The two trendiest words in classical music are ‘El Sistema’. That’s the name for the high-intensity programme of instrumental coaching that turned kids from the slums of Venezuela into the thrilling Simon Bolivar Youth Orchestra (SBYO), conducted by hot young maestro Gustavo Dudamel before he was poached by the Los Angeles Philharmonic.

Or so the legend goes. When the SBYO was booked for the Proms in 2011, the concert sold out in three hours. Sir Simon Rattle, no less, declared El Sistema to be ‘the most important thing happening to classical music anywhere in the world’. Audiences wept at the sight of former street urchins producing a tumultuous, triumphant — and virtually note-perfect — performance of Beethoven’s Fifth. ‘If people cry two minutes into the concert, there’s nothing more to say,’ declared Rattle.

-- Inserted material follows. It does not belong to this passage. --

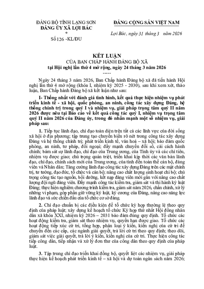| Tiêu đề văn bản | KẾT LUẬN CỦA BAN CHẤP HÀNH ĐẢNG BỘ XÃ tại Hội nghị lần thứ 4 mở rộng, ngày 24 tháng 3 năm 2026 | ||

But it turns out that there is more to say, though it was last week before anyone spelled it out. The musicologist Geoff Baker has just written a heavily footnoted academic study of the Venezuelan ‘miracle’ entitled El Sistema: Orchestrating Venezuela’s Youth. Baker and his publishers, Oxford University Press, did not leak its contents in advance. El Sistema has powerful and very rich sponsors who might have blocked publication. But OUP’s lawyers crawled over every page. They had to.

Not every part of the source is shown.